When we talk about monetary policy, we tend to think of the interest rate, singular and all-powerful. I used to imagine a giant lever in the basement of the Reserve Bank of Australia that the Governor would adjust while the rest of the Bank watched in silence.
Like many things we tend to think, this is not quite right.
Eric Lonergan and Megan Greene have been advocating for dual interest rates for a few years now. This overview in VoxEU was illuminating. Put simply, by offering one rate for lending, and another for deposits, central banks can engage in near limitless stimulus.
What are dual interest rates?
All banks have accounts at their respective central banks, where they keep reserves. Like your and I’s deposit accounts, banks in many countries are now paid interest on the balances in these accounts. By lowering or raising that rate of interest, the central bank can indirectly shift other interest rates (like what you pay your bank for a mortgage). The lower the rate, the cheaper the lending, the more stimulus – simple.
The world today needs lots of stimulus, but with interest rates already at zero, central banks are struggling to keep stimulus going. The limbo bar cannot go below the floor. Once banks are paying money to hold reserves (thats what negative interest rates do – you pay to save), it makes them less profitable and less likely to lend, choking off growth. It also pisses the hell out of savers. The opposite of what you want in a recession.
Quantitative Easing – my favorite two letter acronym – was one way around this problem. Dual interest rates is another.

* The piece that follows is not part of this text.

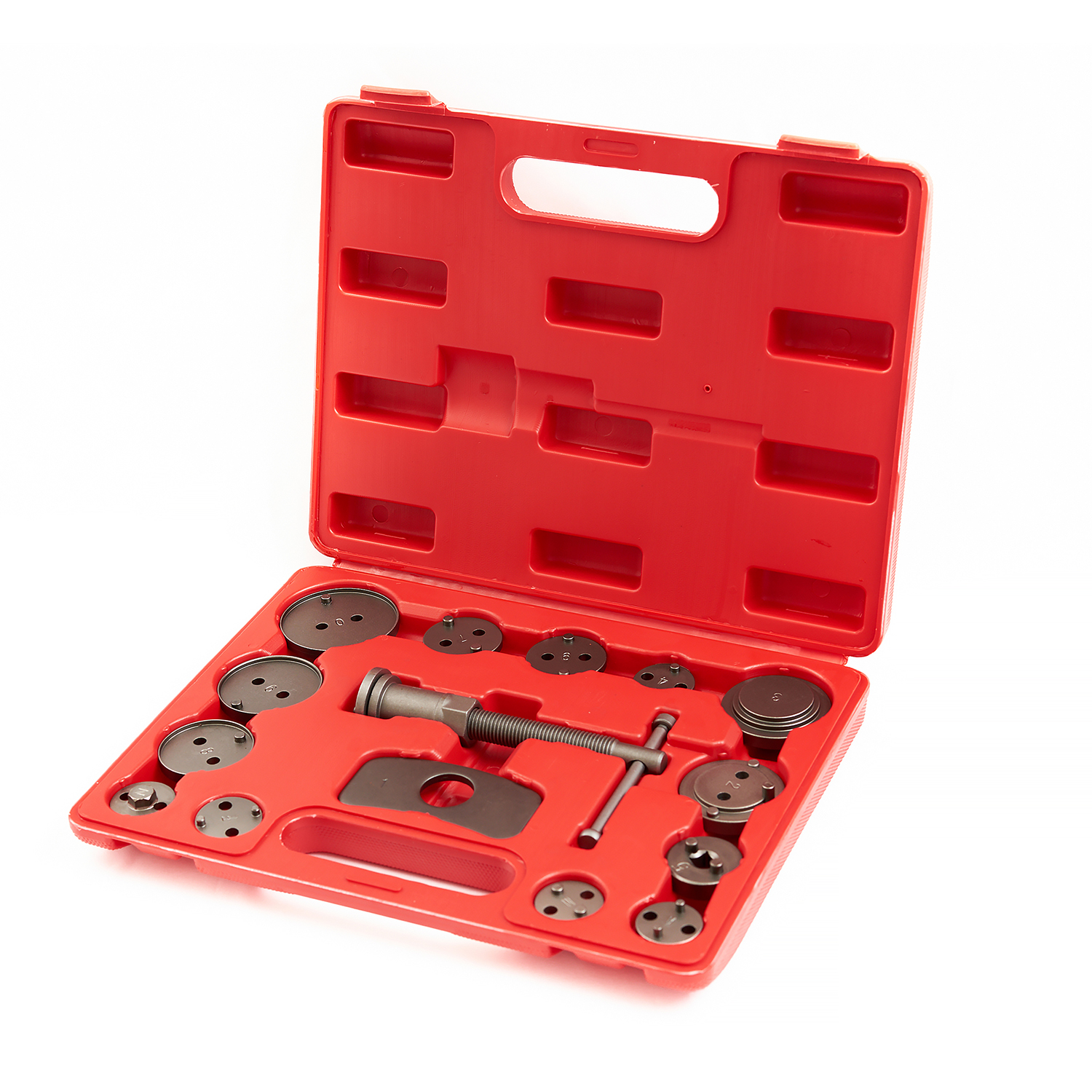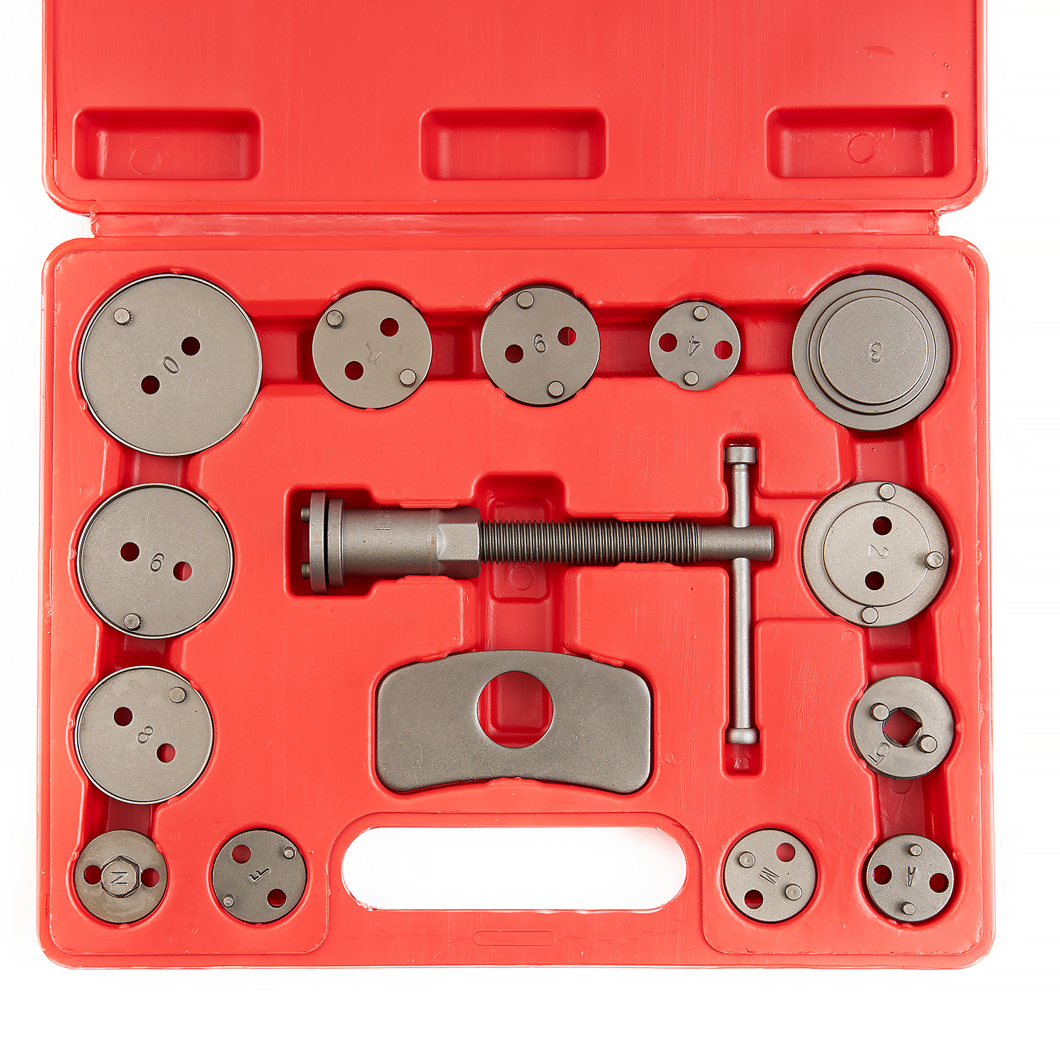 ST064 Набор инструментов для сведения тормозных цилиндров, 15 предметов<br />Данное приспособление предназначено для выжимания тормозных цилиндров, что значительно упрощает установку тормозных колодок.<br />Подходит для большинства автомобилей, в том числе: Mercedes, BMW, Volkswagen, GM, Audi, Ford, Honda, Subaru, Mazda, Nissan, Mitsubishi, Toyota, Land Rover.

Basically, the central bank keeps the deposit rate steady, but introduces a new, lower rate: the lending rate or, the rate it lends banks money. Banks have always been able to borrow from their central bank in an emergency, but usually for short periods of time, and at a penalty. Dual interest rates inverts this. In this hypothetical world, banks could be paid 0.1% interest on any reserves they hold, but could borrow new reserves from the central bank at -1%, effectively being paid to take a loan (presumably the term-length is adjusted depending on the stimulus required). Central banks can then keep savers and banks happy with positive deposit rates, while also offering money at negative rates to keep stimulus going.
Where I say “printing press” thrice in four paragraphs
The sharp-eyed observer will see what is happening here: subsided loans, powered by central bank money creation, mediated through the financial system.* The central banks are making losses on these loans, but that doesn’t matter since they can print money.
The policy is sort of in place already. The EU’s TLTRO program (I’ve spoken about it before) lends money long-term to banks at special interest rates below the deposit rate, on the condition they lend to non-financial corporations and households (except loans for home purchases).
The proposal is valuable for acknowledging the power society possesses in the printing press, while offering a sensible proposal for using it wisely.
What’s missing for me is a discussion about coordinating this program with the government. Arguably it should not be left solely to the technocrats to decide how the state’s printing press is used to provide cheap loans for banks to distribute. Similar to the ECB’s TLTRO program, dual-interest rate lending should come with special conditions, which could be determined alongside the Treasury or equivalent.
More broadly, where dual interest rate policy is used to provide long-term loans, it begins to intersect with tricky questions of climate change, and industrial policy. Should environmental conditions be attached to TLTRO-esque programs? Should dual-interest rate policy be mobilized to support strategic state initiatives like decarbonisation?
I suspect the authors omit this out of a concern for politicizing the initiative. They are confident that dual-interest rates, as an extension of interest rate policy, could be “the least unsettling politically.” I am less convinced, especially in today’s environment where central banks are under a much greater spotlight (and scrutiny). With a powerful new tool in our hands, we should consider all its possibilities.
In sum, lots of interesting food for thought. Please do read the full thing.
*They are only likely to be subsidized during a recession when there is a demand deficit. The reverse can happen during a boom.